Chris Malec Data Scientist

Numpy Neural Nets Datasets

Another Numpy Neural Net: Datasets

The Data is the most important part of training an machine learning model, and also the part that’s most difficult to automate. It seems no matter how many ‘data pipelines’ and ‘etl solutions’ are out there, at some point you end up having to have an if/elif/else statement that’s about 50 clauses long to handle all the different formats and entire-pipeline-wrecking abnormalities that the data might contain.

I think this is fundamentally because you don’t have total control over data the way you do with the rest of the process. Data, if it is useful, comes from the ‘real world’, the part of the world which is not contained as a bunch of charges and magnetic domains inside a computer.
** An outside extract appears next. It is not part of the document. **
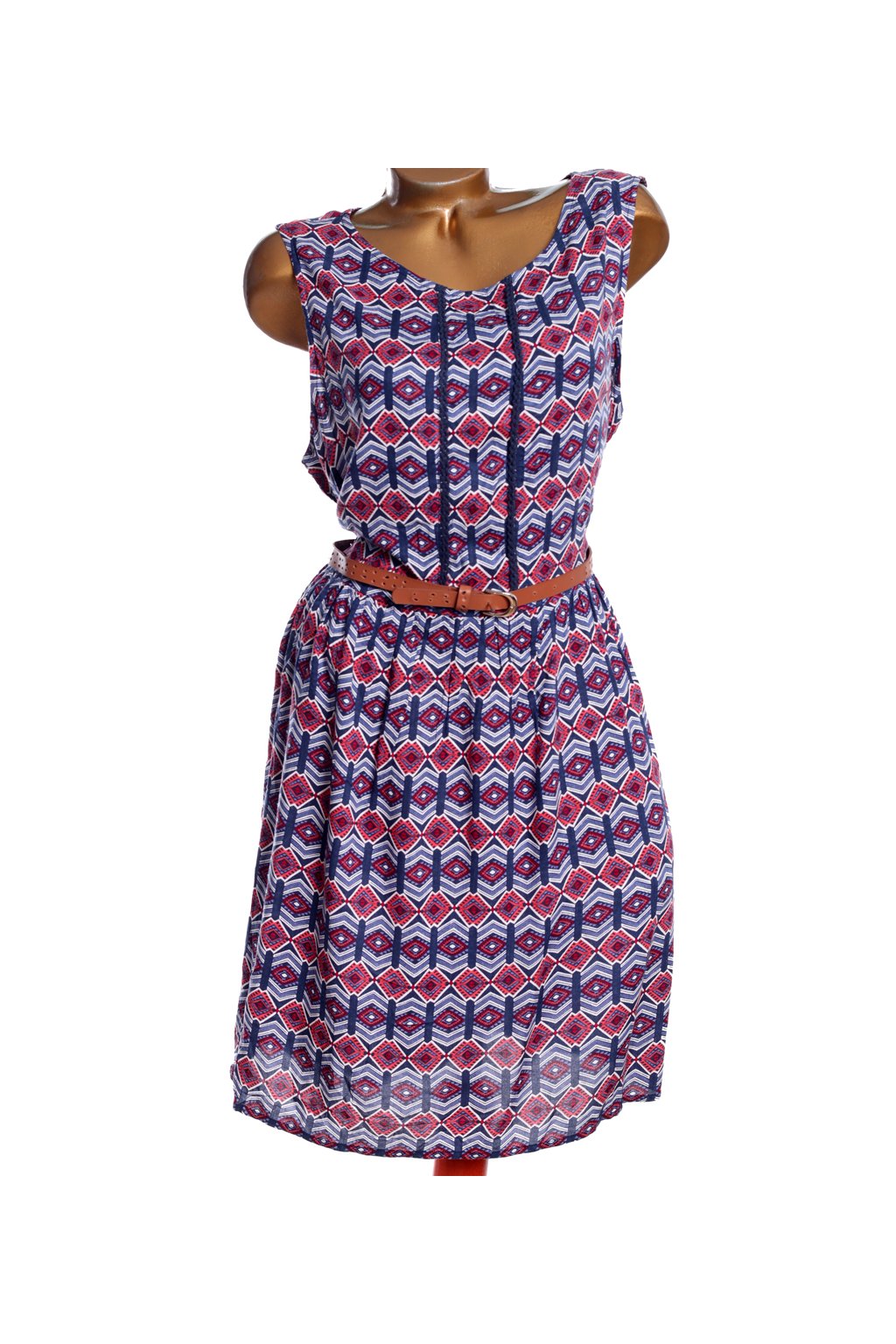 Dámské červeno-modro-bílé geometricky vzorované šaty s páskem / GEORGE / XXXL (50) / UK 22 / ANGLIE

Therefore, as the world is infinite in its complexity, so too are the number of ways that the data can crush your dreams. Anyone who has scanned an excel doc with a column containing missing values has seen something along the lines of

Important column which is never null Optional column
0 N/A
1 NULL
2 null
3 blank
NULL  
4  

Important note: the last two entries in the right-hand column are blank and a space (‘ ‘) and require different handling.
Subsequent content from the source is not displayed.